In spite of this, the risk profile remains elevated in light of China's reopening of its borders after a three-year closure. On the same line, Guo Shuqing, party secretary of the People's Bank of China, made his remarks (PBOC).

 

Reuters, transmitting China unlock news, claimed that "about 2 billion journeys are anticipated this season, roughly doubling the volume of previous year, and recovering to 70% of 2019 levels," citing a statement from the Chinese government.

 

On the other side, PBOC's Shuqing stated, "The world's second-largest economy is likely to recover rapidly due to the country's optimal Covid-19 response and the continued implementation of its economic policies."

 

The US Dollar Index (DXY) fell the most in three weeks the day before, down 0.20% intraday to 103.70 as of press time, as the US employment report failed to excite greenback purchasers and the US activity numbers stoked fears of an economic slowdown.

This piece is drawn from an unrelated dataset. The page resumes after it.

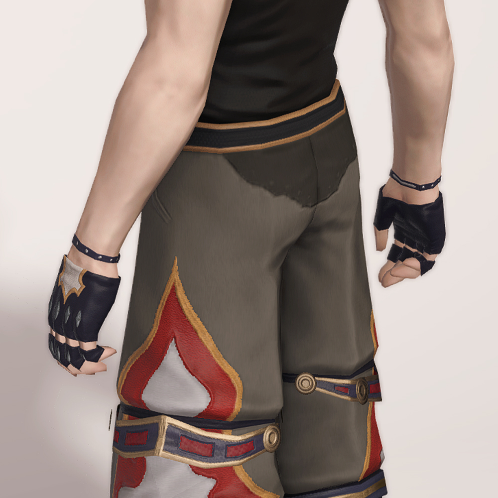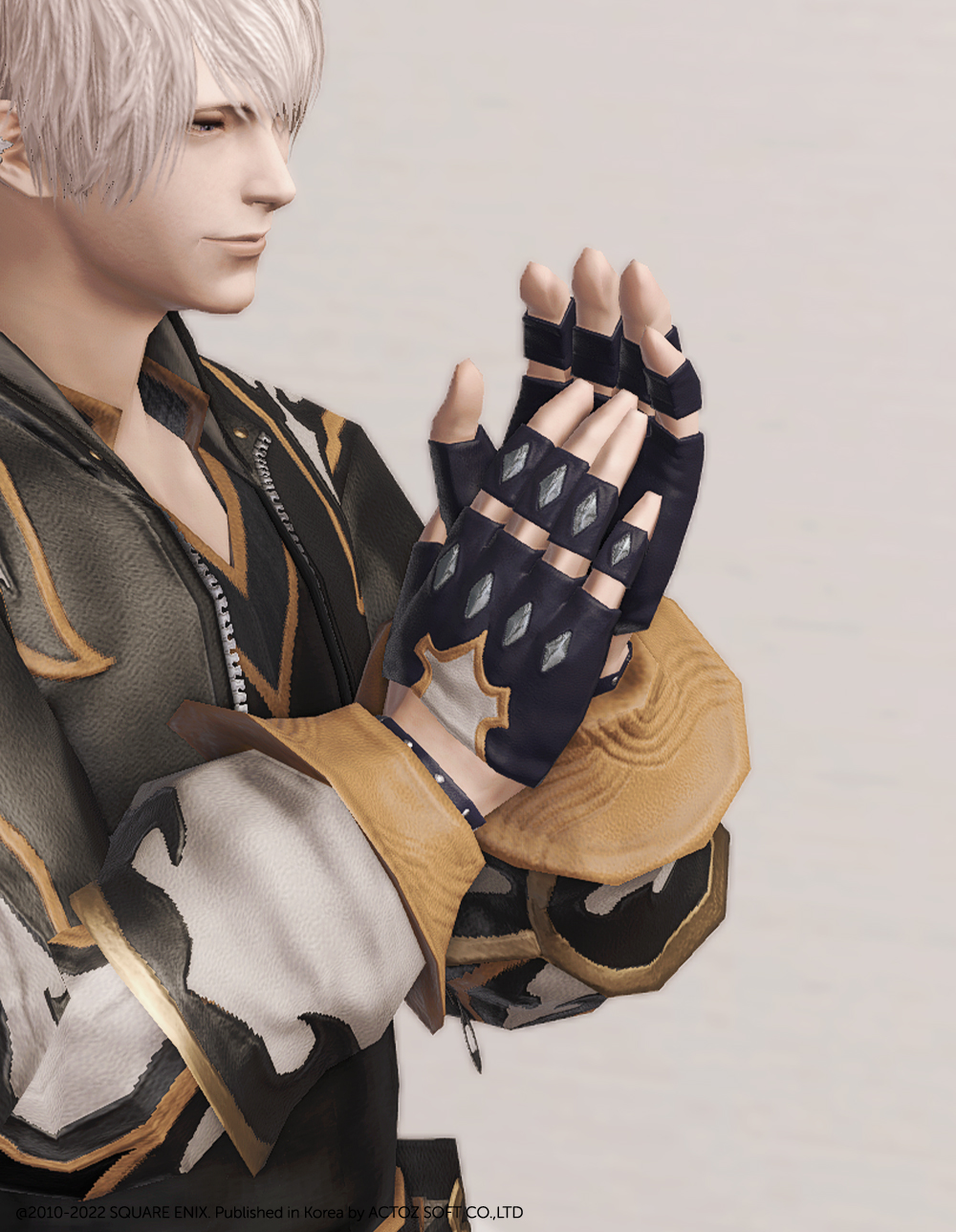 중국 신화에 등장하는 신, 나타를 모티브로 만들어진 의상 세트에 속한 장갑입니다. 팔찌와 반장갑, 손가락 테이핑의 조합으로, 손등의 간단한 문양과 더불어 마름모 모양의 스터드 장식이 눈에 띕니다. 전체적으로 스포티한 디자인 덕분에 활동적인 느낌을 더하고 싶은 캐주얼한 룩과 잘 어울리며, 조합에 따라 펑크한 룩에도 활용할 수 있습니다.
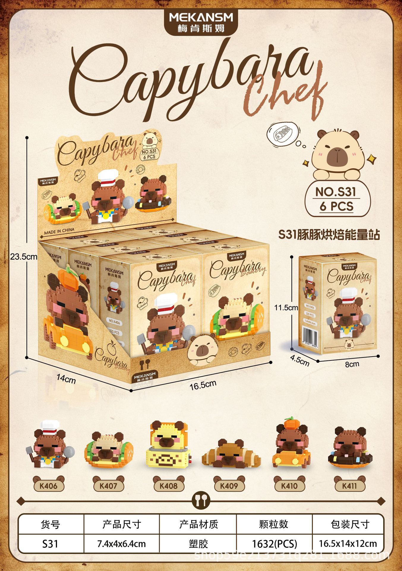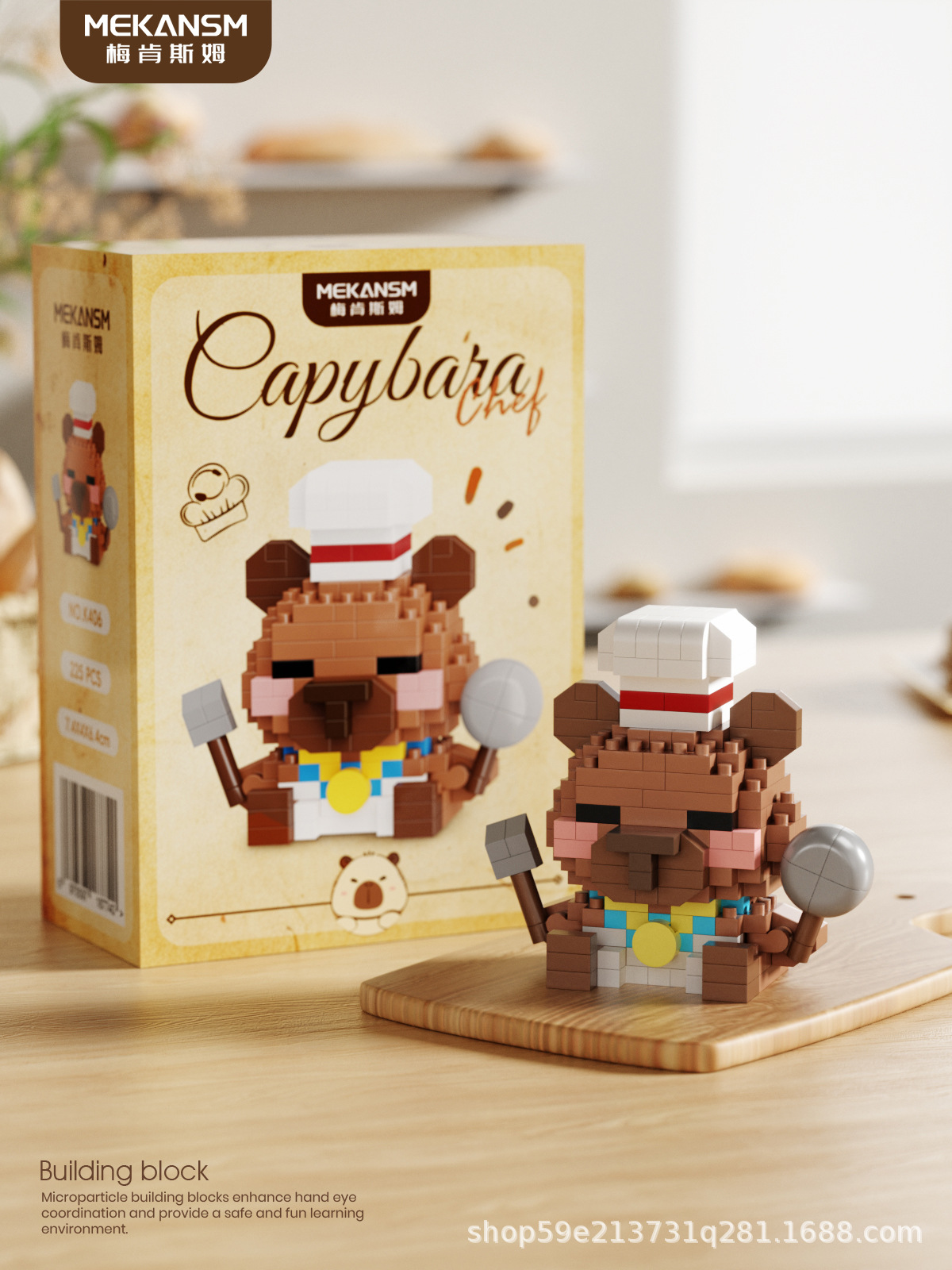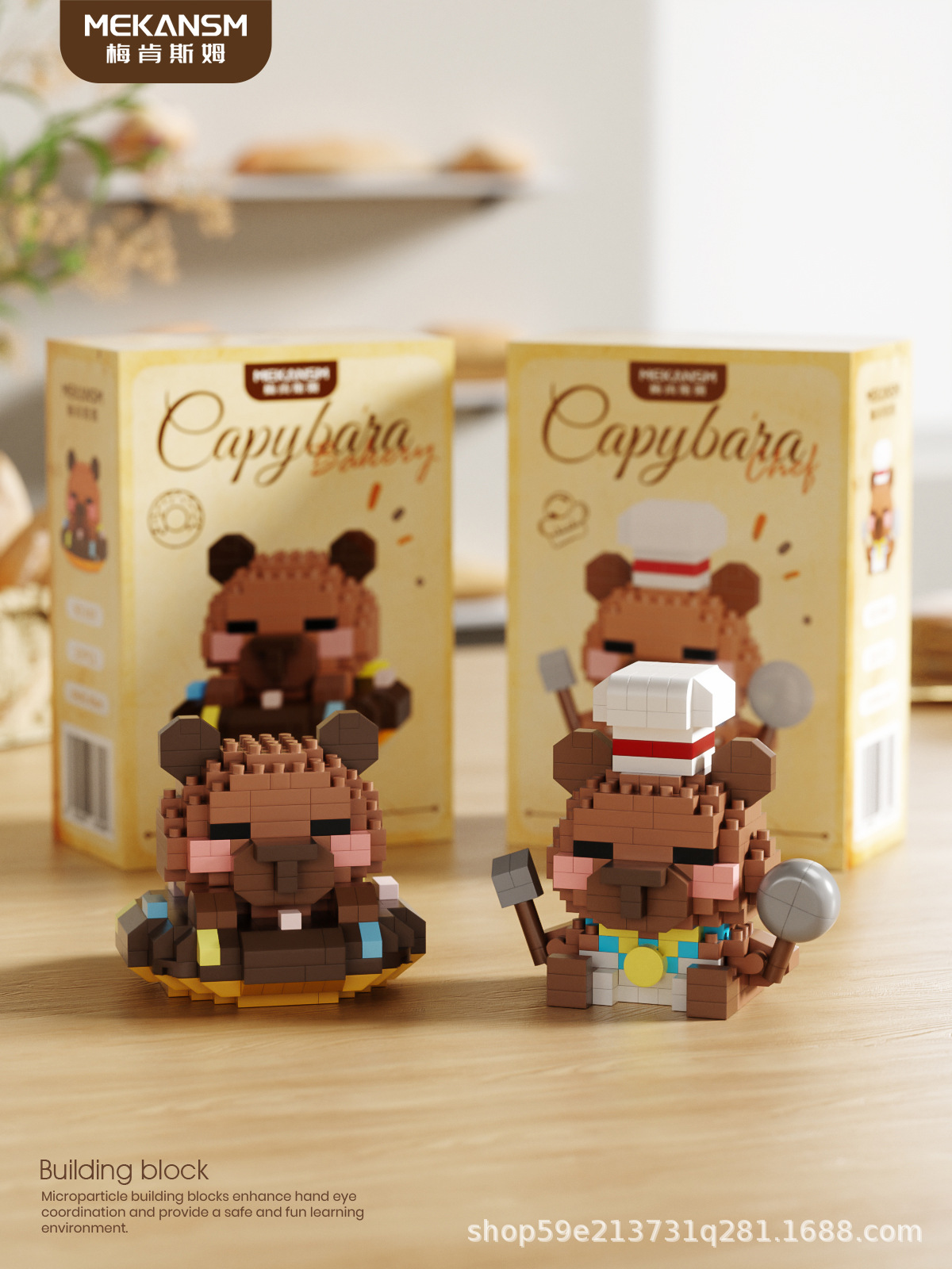 [도매 및 배송] 레고 교육 장식품과 호환되는 카피바라 빌딩 블록 어린이날 선물 블라인드 박스 귀여운 데스크탑스토어 가기

It's worth mentioning that the previous day's disappointing US wage growth, ISM Services PMI, and Factory Orders weighed on Treasury bond yields and the DXY.

 

On a different page, reports regarding a delay in the restoration of the colonial pipeline and the Russia-Ukraine conflict appear to also benefit energy buyers. Traders fear additional rate hikes ahead of the release of the Consumer Price Index (CPI) for December from China and the United States on Wednesday and Thursday, respectively, which tests the positive momentum.